Directions for this task
Look below for the line with "Magnifique maison rénovée", then repeat it and all lines after it, exactly, minus any pictures.

Dataset items:
= Beginning of Section =
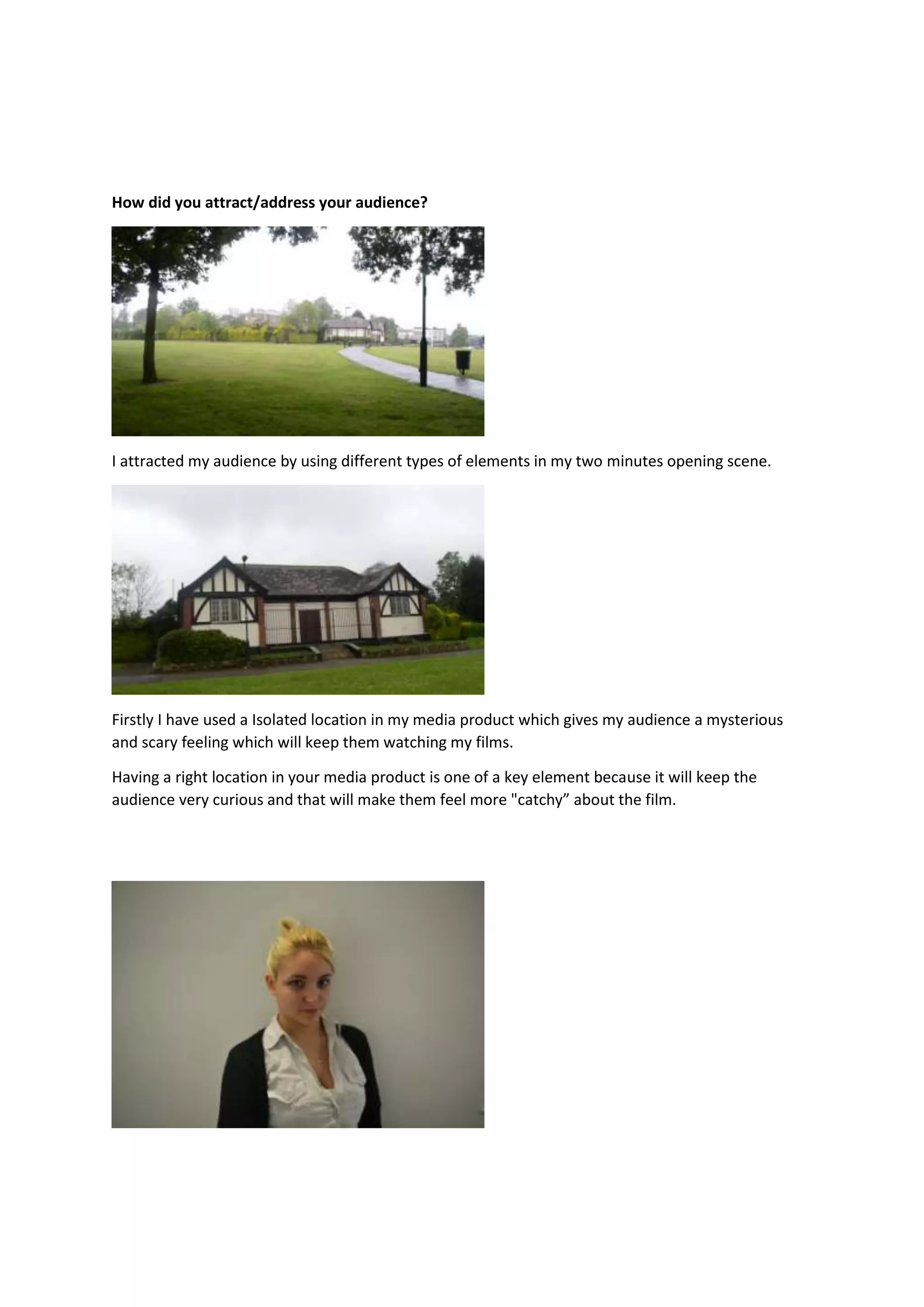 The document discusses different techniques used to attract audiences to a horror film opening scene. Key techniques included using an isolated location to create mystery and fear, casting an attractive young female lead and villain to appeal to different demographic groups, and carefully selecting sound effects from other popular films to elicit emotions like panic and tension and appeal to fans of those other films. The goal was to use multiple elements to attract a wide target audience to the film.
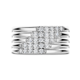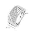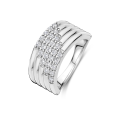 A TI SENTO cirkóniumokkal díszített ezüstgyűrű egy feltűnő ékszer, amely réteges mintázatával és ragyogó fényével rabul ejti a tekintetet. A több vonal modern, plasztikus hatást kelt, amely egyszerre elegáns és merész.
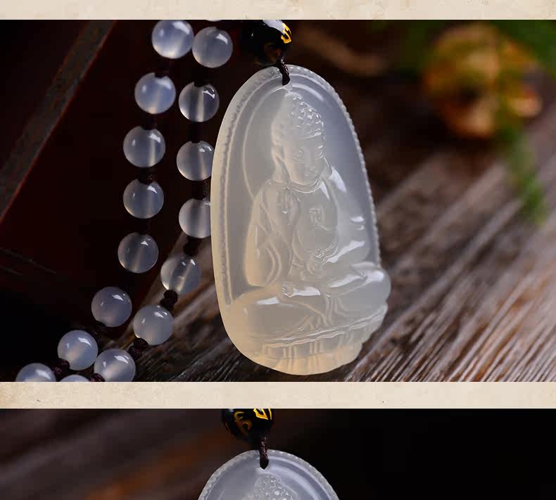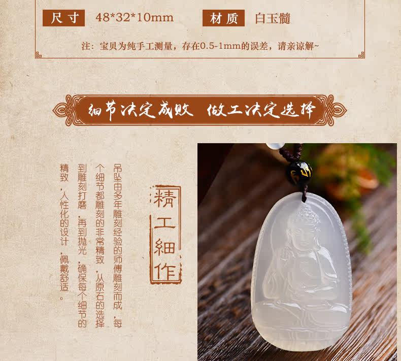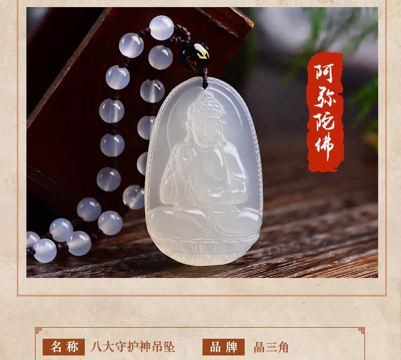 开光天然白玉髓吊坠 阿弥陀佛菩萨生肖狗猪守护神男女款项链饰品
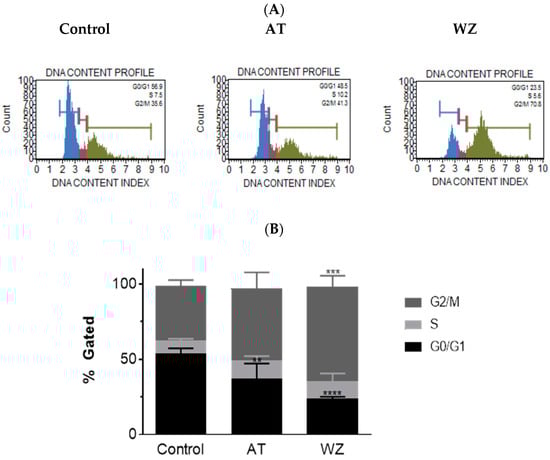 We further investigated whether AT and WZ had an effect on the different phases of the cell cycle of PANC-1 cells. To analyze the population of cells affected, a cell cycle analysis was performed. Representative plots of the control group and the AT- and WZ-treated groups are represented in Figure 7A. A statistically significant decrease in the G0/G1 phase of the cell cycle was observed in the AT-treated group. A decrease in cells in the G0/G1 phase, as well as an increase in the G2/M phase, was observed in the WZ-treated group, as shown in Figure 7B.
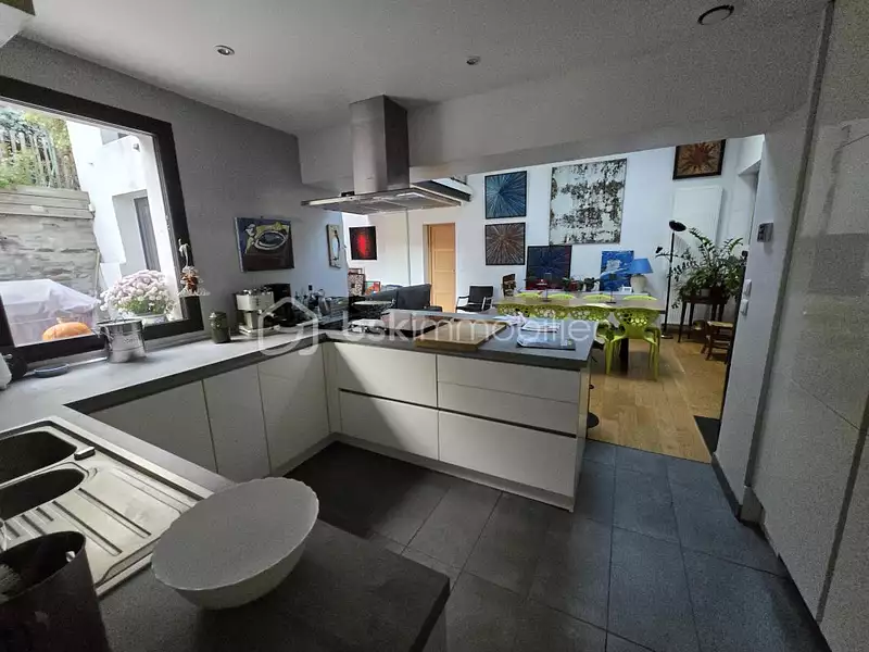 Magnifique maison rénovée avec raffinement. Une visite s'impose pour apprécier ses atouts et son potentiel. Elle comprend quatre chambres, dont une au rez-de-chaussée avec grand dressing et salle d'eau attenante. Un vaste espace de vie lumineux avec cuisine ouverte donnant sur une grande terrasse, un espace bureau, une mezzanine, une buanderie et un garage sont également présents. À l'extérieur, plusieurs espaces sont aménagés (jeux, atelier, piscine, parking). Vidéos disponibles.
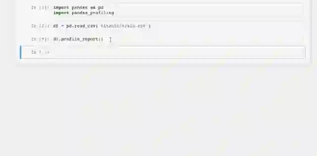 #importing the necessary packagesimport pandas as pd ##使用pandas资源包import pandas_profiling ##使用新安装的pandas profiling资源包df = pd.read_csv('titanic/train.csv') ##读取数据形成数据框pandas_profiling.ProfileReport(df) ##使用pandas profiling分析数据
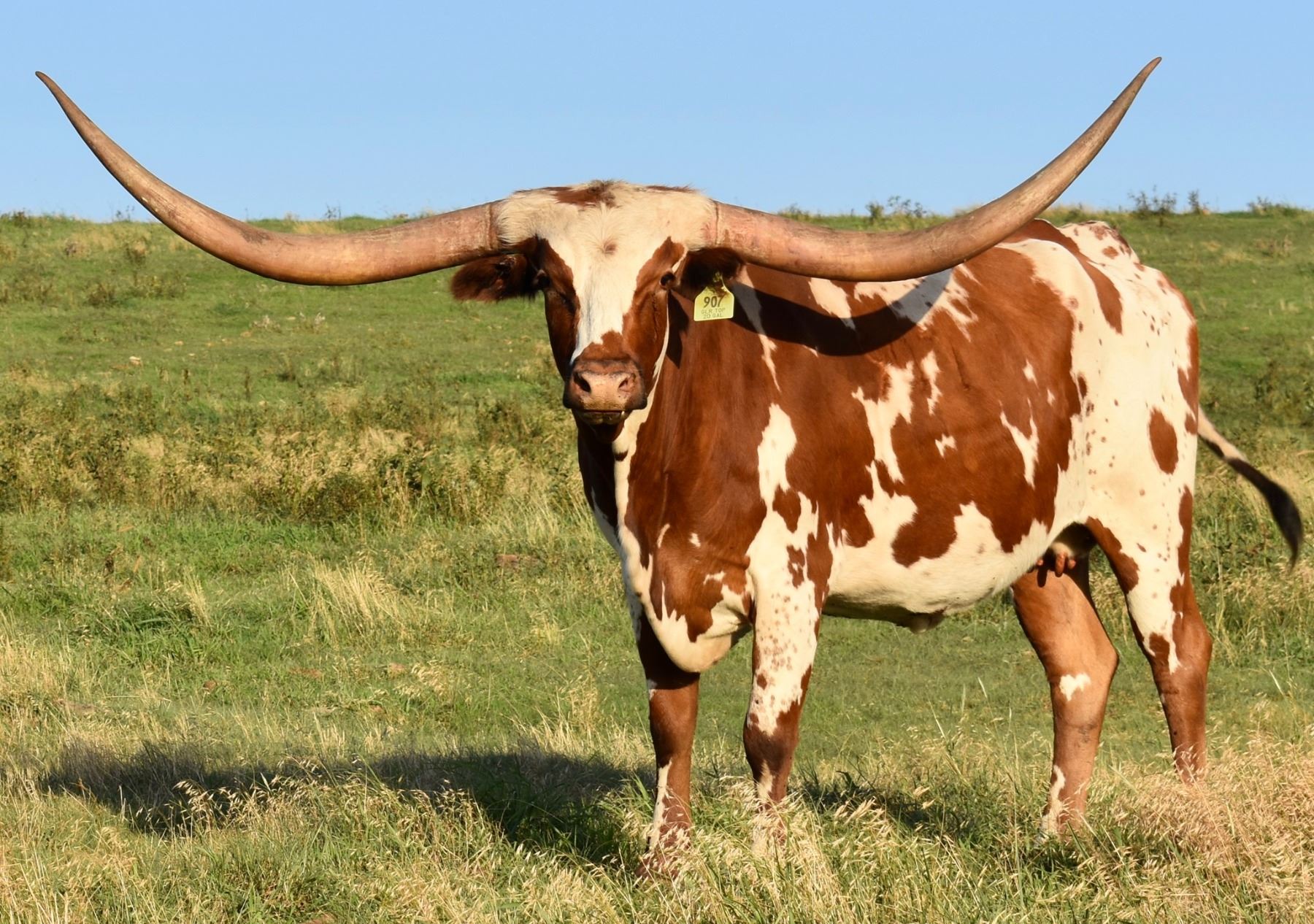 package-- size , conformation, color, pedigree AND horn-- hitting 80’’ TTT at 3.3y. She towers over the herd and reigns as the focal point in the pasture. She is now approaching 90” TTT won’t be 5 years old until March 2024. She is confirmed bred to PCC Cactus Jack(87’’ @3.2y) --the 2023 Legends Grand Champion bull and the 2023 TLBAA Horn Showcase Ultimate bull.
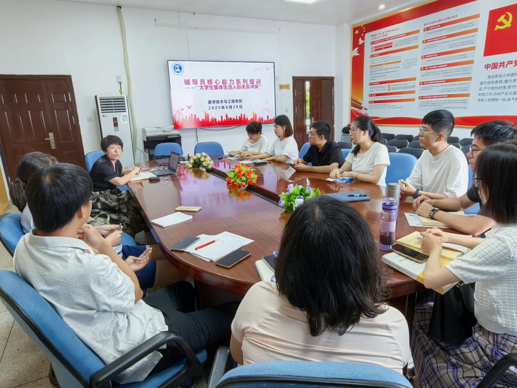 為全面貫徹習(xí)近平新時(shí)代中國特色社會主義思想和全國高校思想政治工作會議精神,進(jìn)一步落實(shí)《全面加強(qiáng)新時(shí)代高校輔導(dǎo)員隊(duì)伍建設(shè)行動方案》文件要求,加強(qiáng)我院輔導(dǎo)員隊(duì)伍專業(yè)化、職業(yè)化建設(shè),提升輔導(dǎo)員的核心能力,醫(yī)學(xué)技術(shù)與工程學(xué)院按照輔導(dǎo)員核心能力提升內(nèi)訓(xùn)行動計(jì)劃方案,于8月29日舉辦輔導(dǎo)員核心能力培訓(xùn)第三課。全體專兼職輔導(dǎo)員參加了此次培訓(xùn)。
= End of Section =
Solution
 Magnifique maison rénovée avec raffinement. Une visite s'impose pour apprécier ses atouts et son potentiel. Elle comprend quatre chambres, dont une au rez-de-chaussée avec grand dressing et salle d'eau attenante. Un vaste espace de vie lumineux avec cuisine ouverte donnant sur une grande terrasse, un espace bureau, une mezzanine, une buanderie et un garage sont également présents. À l'extérieur, plusieurs espaces sont aménagés (jeux, atelier, piscine, parking). Vidéos disponibles.
 #importing the necessary packagesimport pandas as pd ##使用pandas资源包import pandas_profiling ##使用新安装的pandas profiling资源包df = pd.read_csv('titanic/train.csv') ##读取数据形成数据框pandas_profiling.ProfileReport(df) ##使用pandas profiling分析数据
 package-- size , conformation, color, pedigree AND horn-- hitting 80’’ TTT at 3.3y. She towers over the herd and reigns as the focal point in the pasture. She is now approaching 90” TTT won’t be 5 years old until March 2024. She is confirmed bred to PCC Cactus Jack(87’’ @3.2y) --the 2023 Legends Grand Champion bull and the 2023 TLBAA Horn Showcase Ultimate bull.
 為全面貫徹習(xí)近平新時(shí)代中國特色社會主義思想和全國高校思想政治工作會議精神,進(jìn)一步落實(shí)《全面加強(qiáng)新時(shí)代高校輔導(dǎo)員隊(duì)伍建設(shè)行動方案》文件要求,加強(qiáng)我院輔導(dǎo)員隊(duì)伍專業(yè)化、職業(yè)化建設(shè),提升輔導(dǎo)員的核心能力,醫(yī)學(xué)技術(shù)與工程學(xué)院按照輔導(dǎo)員核心能力提升內(nèi)訓(xùn)行動計(jì)劃方案,于8月29日舉辦輔導(dǎo)員核心能力培訓(xùn)第三課。全體專兼職輔導(dǎo)員參加了此次培訓(xùn)。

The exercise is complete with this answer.